The North Carolina quintet already plays massive festivals in Europe. Hard-rock heavyweights Motorhead and Mastodon have recruited it for tours. Its songs have been featured in video games. And frontman Valient Himself placed second in www.metalsucks.net’s “Top 25 Modern Metal Frontman” and “Best Beard in the History of Metal” polls.
With its sixth album, “Our Own Masters” (out June 18), could the underground road dogs become the genre’s next big thing?
It’s entirely possible, given the quality of the album as well as a new management, booking and publicity team.
Valient Thorr plays Tremont Music Hall Wednesday, and while it doesn’t have a massive fan base in Charlotte, those in the know are loyal and loud. It’s a matter of metal fans discovering its old-school brand of hard rock, which brings to mind classic Thin Lizzy and AC/DC.
“Some places we sell out. Some places we still struggle,” says frontman Valient Himself, a Lincolnton native who moved to Richmond, Va., in September. “It’s crazy in Europe. Every single show is jam-packed. There are (other) places that turn around after years. For a long time, it was hard to get a crowd in Seattle. Now we’ve got a crazy crowd there.
“We’ve got big crowds in Pittsburgh, Kansas City, L.A., New York and Columbus, Ohio. Then I swear we’ve played Albuquerque between 15 and 20 times over the last 10 years and it’s always the same. It’s about promotion and distribution.”

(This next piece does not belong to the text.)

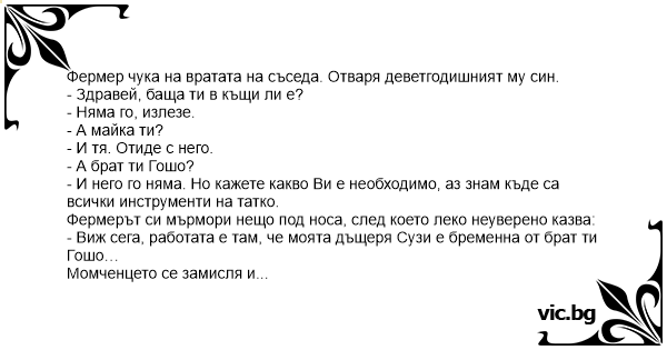 Фермер чуka на вратата на съседа. Отваря деветгодишният му син. - Здравей, баща ти в къщи ли е? - Няма го, излезе. - А майка ти? - И тя. Отиде с него. - А брат ти Гошо? - И него го няма. Но кажете какво Ви е необходимо, аз знам къде са всички инструменти на татко. Фермерът си мърмори нещо под носа, след което леко неуверено казва: - Виж сега, работата е там, че моята дъщеря Сузи е бременна от брат ти Гошо… Момченцето се замисля и казва: - Дааа, ще трябва да говориш с татко. Аз знам, че за бик взема 500 леваа, за свинете по 150 лева, ама за Гошо колко ще ти иска не знам!

On “Our Own Masters,” which was recorded with Harvey Milk’s Kyle Spence in Athens, Ga., the band tried multiple arrangements of songs – sometimes trying the same song six or seven different ways.
“Some (versions) were so different I was scared to show them to friends. I didn’t know what anyone would think,” says Valient Himself.
“The last few records have been tour, tour, tour and a month to write songs and another month to record them,” says guitarist Eidan Thorr. This approach gave songs longer to develop. “We were a little more prepared, instead of being married to something you just wrote two or three weeks ago.”
“They seem more finished,” adds Valient Himself.
The lyrics – which balance fantasy and social commentary – are embedded in Eidan Thorr’s and fellow guitarist Sadat Thorr’s distorted riffs and Iron Maiden-like interplay.
“We always try to stay relevant and write something where that message is wrapped up in the whole thing,” the singer says.
Eidan Thorr names his dad’s classic-rock collection and Jesus Lizard as inspirations, but Valient Himself says the only influences all five members agree on are Devo and Steely Dan.
“We don’t necessarily wear (our influences) on our sleeves. It’s all over the board. I think that’s what makes the Valient Thorr sound,” says the band’s founder, who holds an MFA from East Carolina and once taught sixth grade. “A combination of James Brown and MC5 – that’s what we wanted.”
When he founded Valient Thorr in 2000, “there was only rock music. There needed to be a roll. We always said we wanted to put the roll back in rock-and-roll.”